New Biopsy Shows Promise For Pancreatic Cancer Patients

Microscope Image Of Lipid Bubbles In Shades Of Orange And Yellow
Credit: Thomas Lazzara; Flickr
Perhaps one of the most exciting breakthroughs in cancer diagnostics is research in the area of liquid biopsy.

Instead of relying on invasive procedures requiring tissue samples, doctors would simply use a blood or urine sample to identify the presence of a mutation and to monitor response to therapy. Aside from use in screening, these types of tests may also help people already fighting the disease, since doctors can choose treatments based on the specific DNA mutations the test identifies.

Testing For KRAS Mutations

Liquid biopsy testing is a promising avenue of research in patients with pancreatic cancer, as well as those with other solid tumor cancers such as lung, breast, melanoma, and colorectal, among others.

One liquid biopsy test currently available is Trovera, from Trovagene, a San Diego, California-based molecular diagnostics company. This noninvasive test measures circulating tumor DNA (ctDNA) shed into the bloodstream by growing tumors. This ctDNA can potentially provide vital information on tumor progression and treatment effectiveness.

An estimated 90 percent of pancreatic cancers harbor somatic KRAS G12/G13 mutations. These mutations are hallmarks of late-stage disease, and the presence of ctDNA KRAS mutations at diagnosis has prognostic implications. Accurate identification of both the presence of ctDNA KRAS mutations and quantification of the number of ctDNA KRAS mutant copies could be an improved therapeutic response biomarker over CA 19-9, which is known to be uninformative in certain patients with pancreatic cancer.

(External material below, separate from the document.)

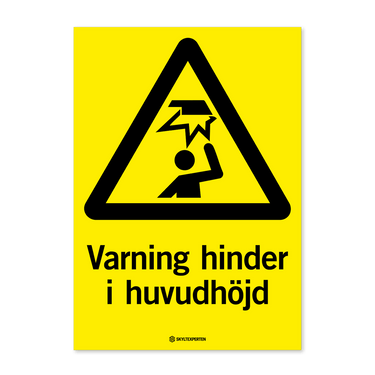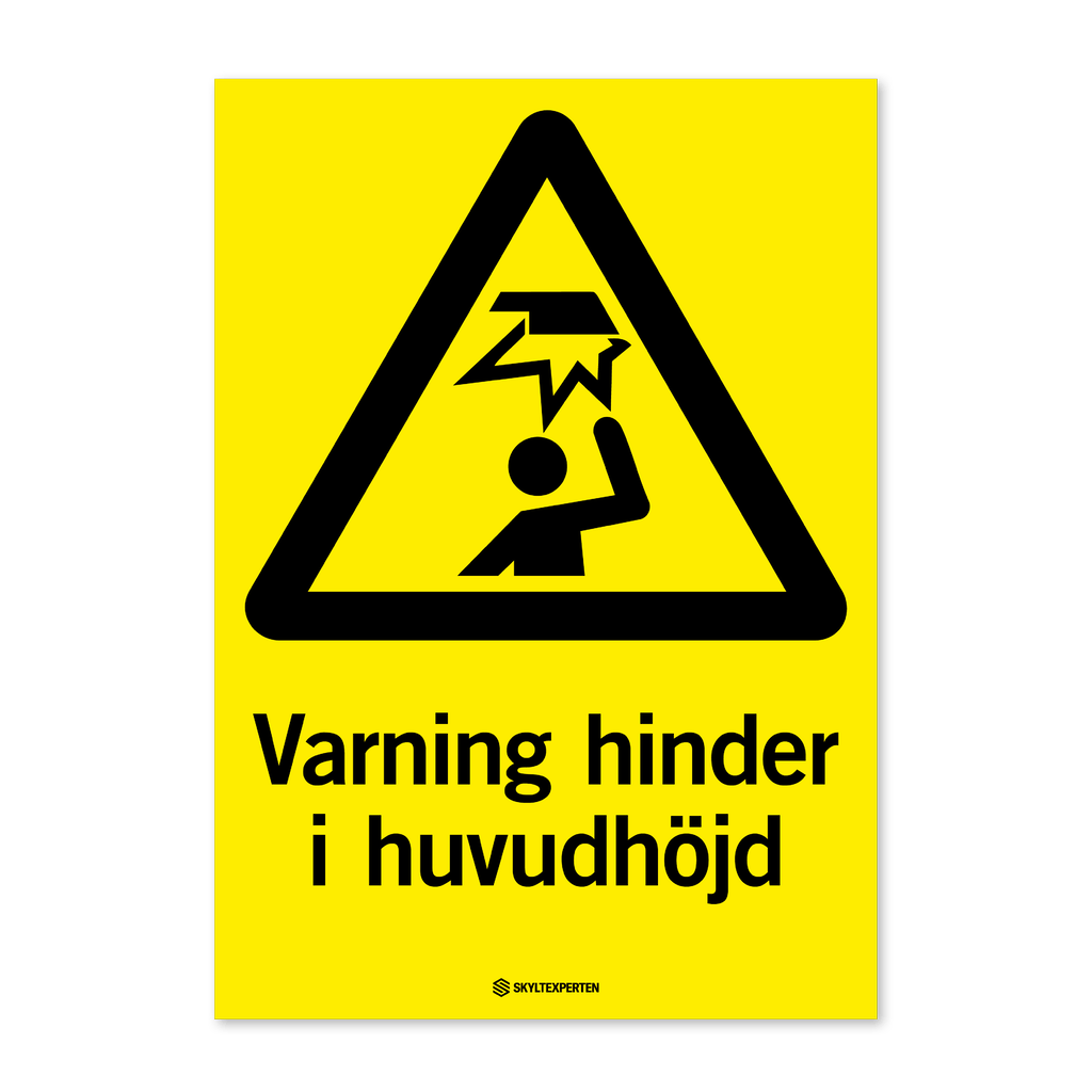 Skylt med texten Varning hinder i huvudhöjd. Skylten finns i aluminium (plan), plast, klisterdekal och som kantvikt aluminium för stolpmontage. Möjlighet finns att lägga till dubbelhäftande tejp eller skruvhål som fästmetod på skyltarna i aluminium (plan) och plast.

A Blood or Urine-Based Biopsy

Trovera is unusual in that patients have a choice between a liquid biopsy based on a simple blood draw, or a biopsy based on urine, explains Victoria Raymond, director of medical and scientific affairs at Trovagene.

“Our scientists were the first to discover that ctDNA is released into the urine as well as the bloodstream,” says Raymond, adding that a urine test can be collected by the patient, without the need for a trip to their doctor’s office. “Everything is done by physician order, but a patient has the option of not making a visit to the provider’s office, which can be very helpful to people who are recovering from treatment or have long trips to a doctor’s office.”

The patient would simply collect the urine sample in the urine collection kit provided and send it to Trovagene’s CLIA lab for analysis.
On the other hand, a patient who is in the doctor’s office for a blood test for CA19-9 can have blood drawn for the Trovera KRAS liquid biopsy test too. “It’s really about providing people options and getting a doctor information more quickly,” Raymond says.

Early Studies Show Promise

In May, the company presented data at the 2016 AACR Special Pancreatic Cancer Meeting in Orlando, Florida. The poster presentation, “Detection and Quantification of ctDNA KRAS Mutations from Patients with Unresectable Pancreatic Cancer,” showed some promising results.

Highlights from the poster include:

  • Detection rate of circulating tumor DNA (ctDNA) KRAS in 210-patient study closely matches the published prevalence of KRAS mutations in pancreatic cancer (~90%).
  • ctDNA KRAS levels can be used to distinguish between locally advanced and metastatic cancer (p<0.0001), suggesting an improved biomarker for disease differentiation.
  • Longitudinal monitoring of KRAS can be informative in determining responsiveness to therapy and to predict disease progression months in advance of imaging.

Currently, Trovagene is partnering with several high-profile pancreatic cancer experts from the University of Michigan, MD Anderson Cancer Center in Texas, Arizona-based Honor Health, and University of California, San Francisco, among others. The company’s urine and blood-based assay has been selected by the Pancreatic Cancer Action Network as the liquid biopsy provider to participate in Precision Promise, the first large-scale precision medicine trial designed to transform outcomes for patients with pancreatic cancer.

“We’re very hopeful about this, but of course larger-scale studies need to be done,” says Raymond. “The ultimate goal is to advance the treatment of pancreatic cancer, and the way to do that is to publish the data and get that data in front of the experts who ultimately influence treatment.”